# Action item
Verbatim output, no pictures: the lines from the beginning of the material through the line with "近日,一则路透社报道引起大家", both ends kept.

# Data segment
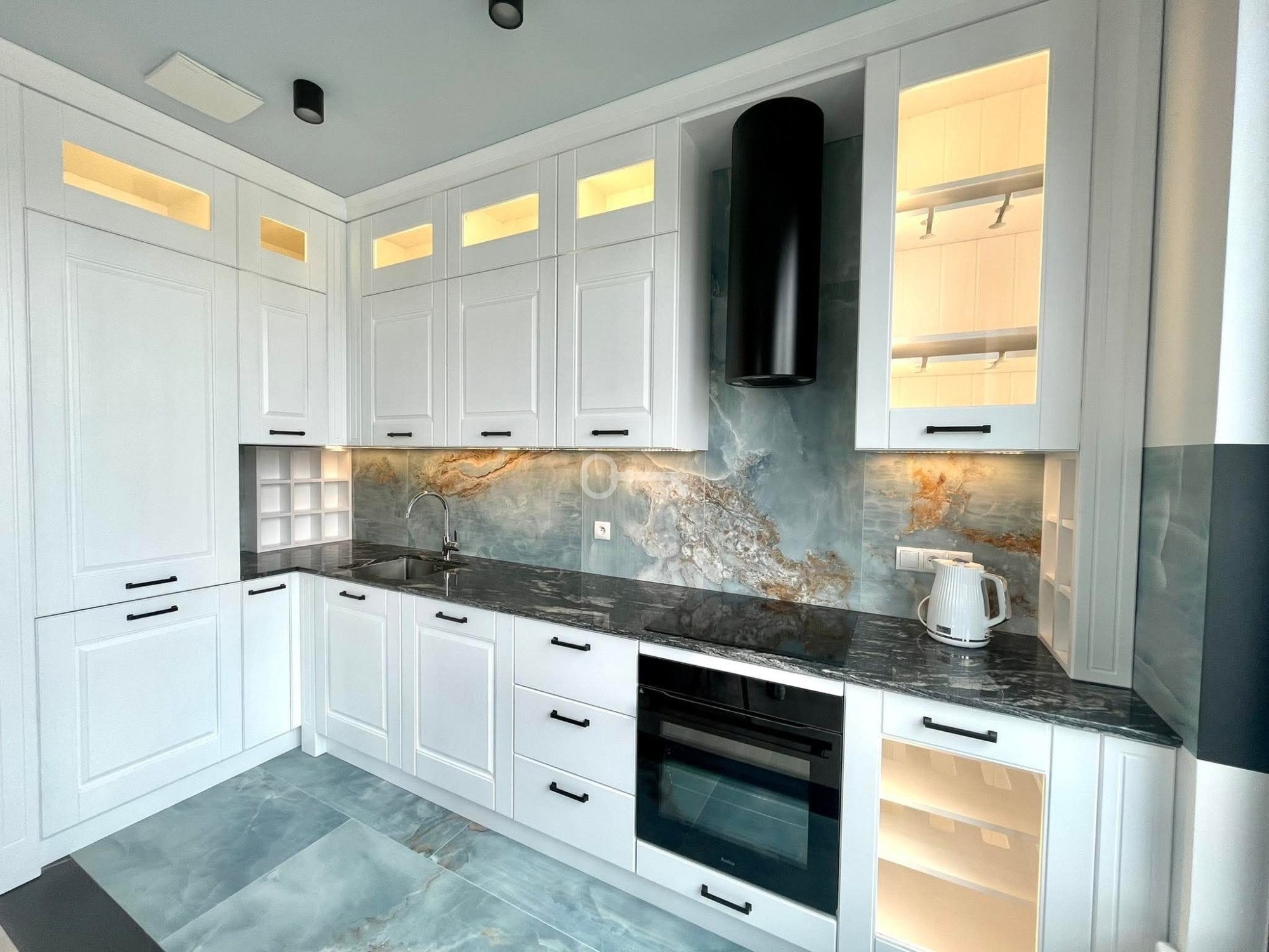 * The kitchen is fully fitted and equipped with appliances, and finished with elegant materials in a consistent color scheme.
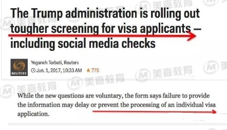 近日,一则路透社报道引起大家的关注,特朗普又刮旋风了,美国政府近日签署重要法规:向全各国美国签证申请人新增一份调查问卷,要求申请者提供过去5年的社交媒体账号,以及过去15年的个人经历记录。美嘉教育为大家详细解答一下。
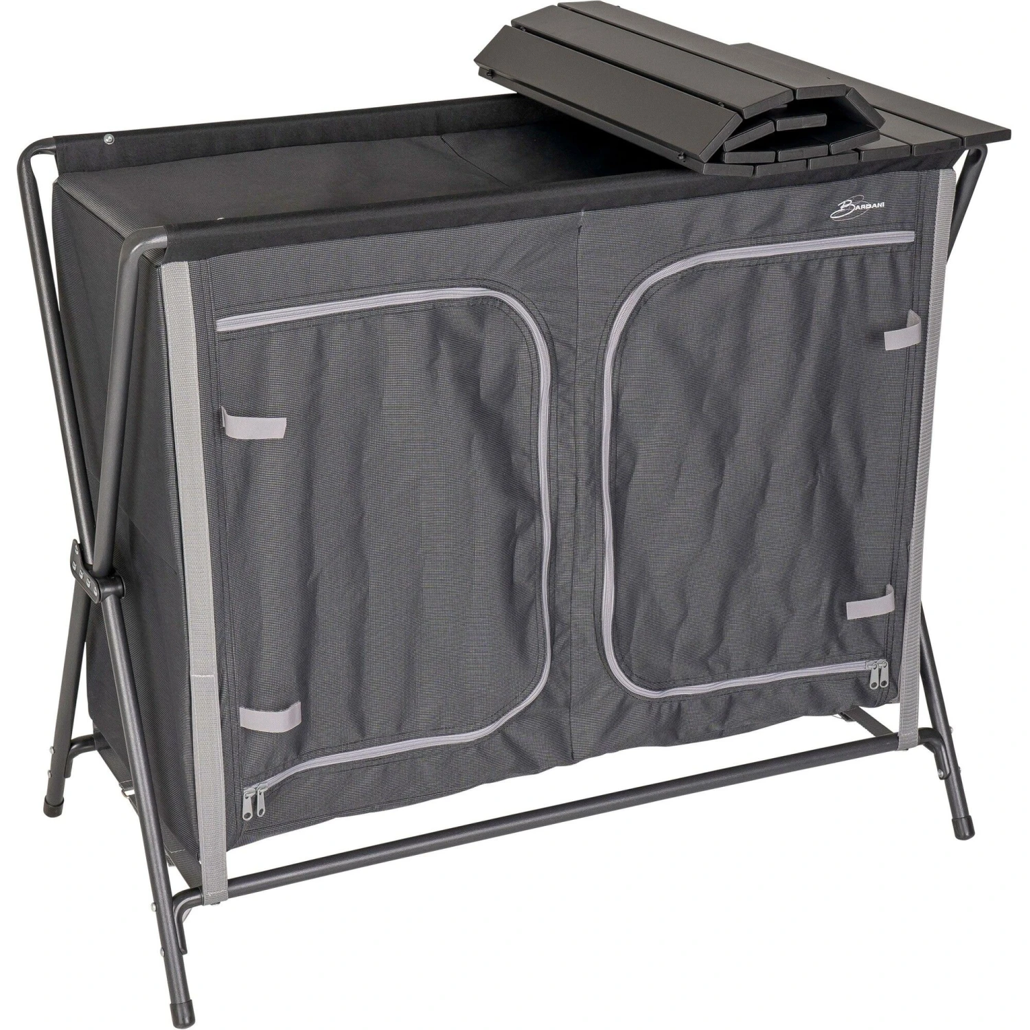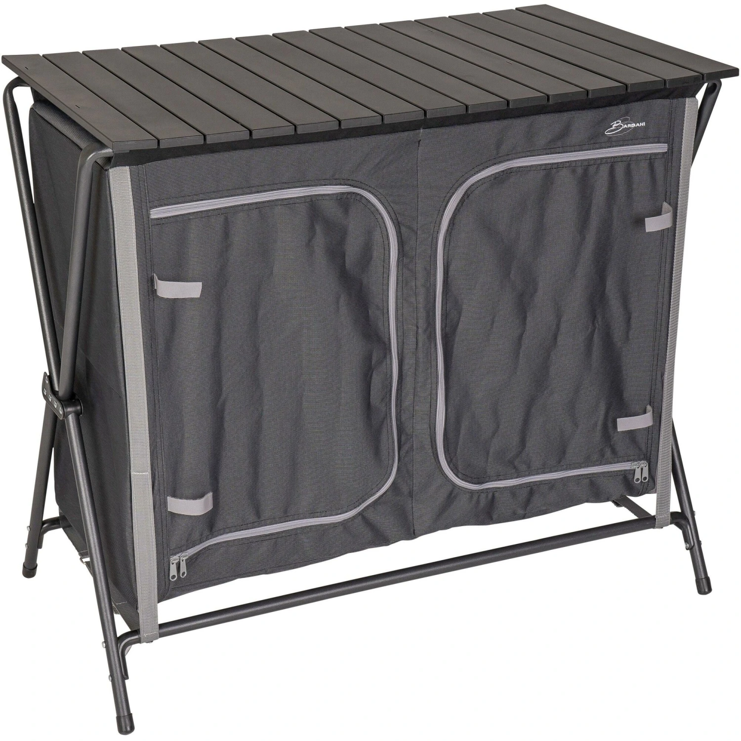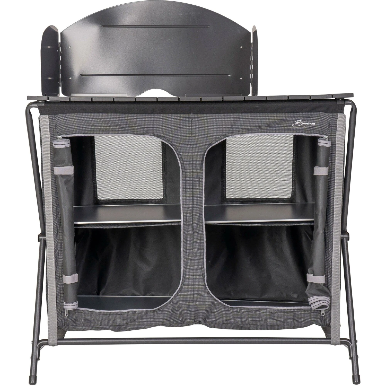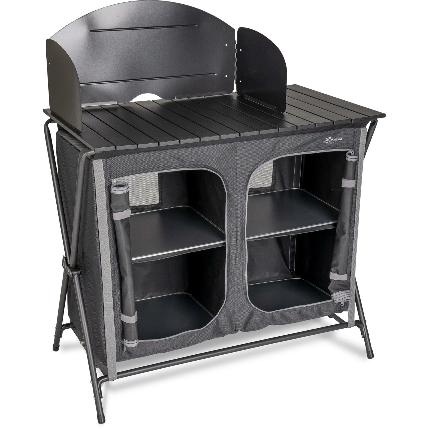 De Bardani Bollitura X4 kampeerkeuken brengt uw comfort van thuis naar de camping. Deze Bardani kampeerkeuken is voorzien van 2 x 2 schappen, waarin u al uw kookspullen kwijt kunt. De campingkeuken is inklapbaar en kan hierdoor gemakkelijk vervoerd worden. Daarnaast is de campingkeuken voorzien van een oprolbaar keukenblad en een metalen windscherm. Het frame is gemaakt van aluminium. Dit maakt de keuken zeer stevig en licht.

# Answer space
 * The kitchen is fully fitted and equipped with appliances, and finished with elegant materials in a consistent color scheme.
 近日,一则路透社报道引起大家的关注,特朗普又刮旋风了,美国政府近日签署重要法规:向全各国美国签证申请人新增一份调查问卷,要求申请者提供过去5年的社交媒体账号,以及过去15年的个人经历记录。美嘉教育为大家详细解答一下。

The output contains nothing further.